Checks & balances

What the Noel Canning decision means for employers and the National Labor Relations Board


On Jan. 25, 2013, the D.C. Circuit Court of Appeals held in Noel Canning v. National Labor Relations Board that President Obama's appointments of Sharon Block, Terence Flynn and Richard Griffin to the National Labor Relations Board (NLRB) Jan. 4, 2012, violated the Constitution's Recess Appointments Clause and were, therefore, invalid.

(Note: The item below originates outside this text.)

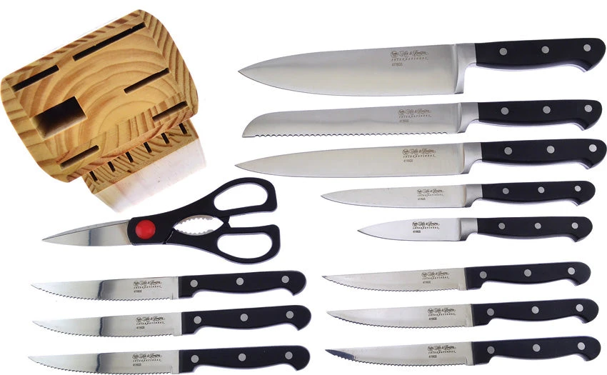 Satin finish 4116 stainless blade. Black ABS handle. Storage block. Full tang. Includes: 13″ overall Chef’s with 8″ blade; 12.5″ overall Slicing with 8″ blade; 12.5″ overall Bread with 8″ serrated blade; 8.5″ Utility with 5″ blade; 7.5″ overall Paring with 3.5″ blade; (6) 8″ overall Steak with 4″ serrated blade; scissors. Boxed.

Under NLRB precedent, the board must have at least three sitting members to take any enforcement action. With three of the five board members' appointments deemed void after the Noel Canning ruling, the board does not have the three-member quorum it needs to officially function, stripping it of the authority to issue decisions and engage in rulemaking. As a result, the D.C. Circuit Court of Appeals' holding may invalidate all decisions and orders the board has issued since Jan. 4, 2012—a consequence that would significantly affect employer policies and practices, many of which have been tweaked or overhauled in response to NLRB's groundbreaking stance on long-settled labor issues during the past year.

The decision

The dispute underlying the Noel Canning decision arose out of a union's claim that a company, Noel Canning, a bottler and distributor of Pepsi-Cola products, had unlawfully refused to write and execute a collective bargaining agreement embodying the terms agreed upon by the parties during negotiations. According to the union, such refusal violated provisions of the National Labor Relations Act that prohibit employers from bargaining in bad faith and interfering with employees' rights to engage in collective bargaining activity. The administrative law judge and NLRB agreed with the union's claims. Noel Canning appealed the decision.